To provide supporting evidence for the above hypothesis, we performed bioinformatics analysis and observed a positive correlation between the expression of PAX6 and STAT5A in TCGA database and GSE35988 dataset [31] respectively (Supplementary Fig. S4b and S4c). Similarly, the endogenous STAT5A expression was also higher in samples from the NEPC patients compared to those from the CRPC-Adeno patients (Fig. 6b).

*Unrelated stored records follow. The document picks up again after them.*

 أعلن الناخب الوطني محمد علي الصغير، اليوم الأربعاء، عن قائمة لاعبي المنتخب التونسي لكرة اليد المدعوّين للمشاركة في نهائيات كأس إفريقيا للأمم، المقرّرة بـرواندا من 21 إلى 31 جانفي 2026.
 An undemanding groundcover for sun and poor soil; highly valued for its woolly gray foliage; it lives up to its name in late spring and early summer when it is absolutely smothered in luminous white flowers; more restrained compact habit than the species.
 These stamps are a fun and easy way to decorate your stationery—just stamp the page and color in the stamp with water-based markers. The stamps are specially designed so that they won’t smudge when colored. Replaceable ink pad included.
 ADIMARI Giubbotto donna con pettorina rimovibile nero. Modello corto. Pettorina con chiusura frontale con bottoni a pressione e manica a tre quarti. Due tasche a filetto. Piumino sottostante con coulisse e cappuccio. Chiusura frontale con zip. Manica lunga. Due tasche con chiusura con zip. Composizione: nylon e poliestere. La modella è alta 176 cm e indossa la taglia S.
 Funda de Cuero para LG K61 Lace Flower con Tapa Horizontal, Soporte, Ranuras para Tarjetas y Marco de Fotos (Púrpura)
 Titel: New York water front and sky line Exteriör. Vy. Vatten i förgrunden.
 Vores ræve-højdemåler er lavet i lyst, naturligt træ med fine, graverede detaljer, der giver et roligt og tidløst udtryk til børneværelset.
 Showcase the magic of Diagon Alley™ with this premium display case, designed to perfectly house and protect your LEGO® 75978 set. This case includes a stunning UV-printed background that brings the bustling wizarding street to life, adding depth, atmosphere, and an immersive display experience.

More importantly, IHC assay revealed a higher expression of STAT5A in NEPC group than in either CRPC or primary PCa group (Fig. 6c). In addition, data from GSE70380 dataset indicated that the expression of STAT5A and NCAM1 was increased following with the ENZ treatment, while the expression levels of NKX3.1 and KLK3 were decreased (Supplementary Fig. S4d). Moreover, we also identified a positive correlation between the expression of STAT5A and that of NE signature genes by analyzing the data from Broad/Cornell 2012 Cohort (Supplementary Fig. S4e). Furthermore, we analyzed data from two independent datasets (GSE16560 and GSE116918) and found that patients with high expression of the STAT5A had a poorer prognosis (Supplementary Fig. S4f). Therefore, these data together indicated that STAT5A appeared to mediate the promoting role of PAX6 in NE trans-differentiation.
In order to confirm this possibility, we performed functional assays in vitro and in vivo to evaluate the effect of STAT5A expressional change on the NE trans-differentiation. First, an upregulation of STAT5A and phosphorylated STAT5A (p-STAT5A) expression was observed in LNCaP-PAX6 cells (Supplementary Fig. S5a). We also detected a higher expression level of STAT5A and p-STAT5A in LNCaPENZ cells compared to the control cells (Supplementary Fig. S5b). Reversely, after knockdown of PAX6 in LNCaPENZ cells, we observed a downregulation of both total STAT5A and p-STAT5A expression (Supplementary Fig. S5c). Subsequently, we investigated whether PAX6 promoted STAT5A expression at a transcriptional level. To this end, we performed ChIP assay in LNCaP-PAX6 cells and identified two binding sites of PAX6 on the STAT5A promoter region (Fig. 6d). Next, in order to further validate that PAX6 induced the NE characteristics through upregulation of STAT5A expression, we overexpressed STAT5A in DU145-shPAX6 cells and PC3-shPAX6 cells respectively as rescue assays. We found that the expression of NE marker genes decreased with the downregulation of PAX6 and was compensated with the over-expression of STAT5A in DU145 and PC3 cells (Fig. 6e and Supplementary Fig. S5d). We also found that the cell proliferation was significantly decreased following the PAX6 knockdown but was increased to a higher or a similar level compared to that in the control after STAT5A overexpression in DU145 cells (Fig. 6f). In addition, we carried out tumorsphere formation assays using DU145-shPAX6 and PC3-shPAX6 cells after overexpression of STAT5A. We observed that the reduced sphere-forming ability due to PAX6-knockdown in DU145 and PC3 cells could be rescued by upregulation of STAT5A expression (Fig. 6g and Supplementary Fig. S5e). Reversely, knockdown of STAT5A in LNCaP-PAX6 and C42B-PAX6 cells attenuated the cell proliferation which was previously enhanced by over-expression of PAX6 and downregulated the expression of SYP and NSE as well (Supplementary Fig. S5f and S5g).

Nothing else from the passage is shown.